Елизавета Дворецкая - Ведьмина звезда, кн. 2: Дракон Памяти
– И сколько ему лет? – надменно осведомился Бергвид. Его задело то, как Гельд отозвался о нем самом. – Он еще держится на ногах без клюки?
– Ему чуть больше сорока, – спокойно ответил Гельд. – И он держится на ногах крепче иных двадцатилетних. Значительно крепче.
Это был намек на самого Бергвида, которого тот предпочел не понять.
– Не знаю, какую пользу принесет какой-то повелитель троллей, когда у людей есть настоящий законный конунг, – ответил он. – Кто он родом, этот Вигмар Лисица? Боги избрали меня, чтобы мстить нашим врагам, и ничего не сказали ни про какого Лисицу. Я надеюсь, мои родичи все же пойдут со мной, если не хотят заслужить славу боязливых.

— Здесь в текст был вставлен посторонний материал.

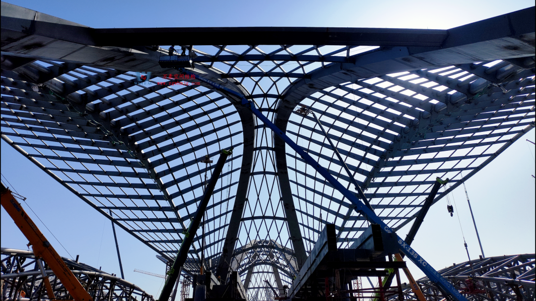 创新采用 “弧形钢管 + 悬挑翼” 屋面桁架

И он посмотрел на Дага. Даг глубоко вдохнул и крепко сжал могучий кулак. Поначалу он, привыкший любить и ценить родню, больше самой Борглинды обрадовался, что нашелся ее родич, сын Даллы, который пятнадцать лет считался пропавшим. Но вскоре радость угасла: с каждым днем Бергвид нравился Дагу все меньше и меньше. Волосы бывшего раба едва отросли до плеч, а он уже усвоил надменные и горделивые привычки и на родню смотрел свысока. «В восемнадцать лет нетрудно вообразить себя серединой мира и великим героем, призванным богами на подвиги! – говорил об этом Хельги хёвдинг. – Вспомни хотя бы Брендольва! Многие через это проходят. И особенно если переживут такую перемену – из свинарника на почетное сиденье, с соломы на перину! Со временем он поймет, что один человек, будь он хоть родным сыном бога, ничего в больших делах не решает».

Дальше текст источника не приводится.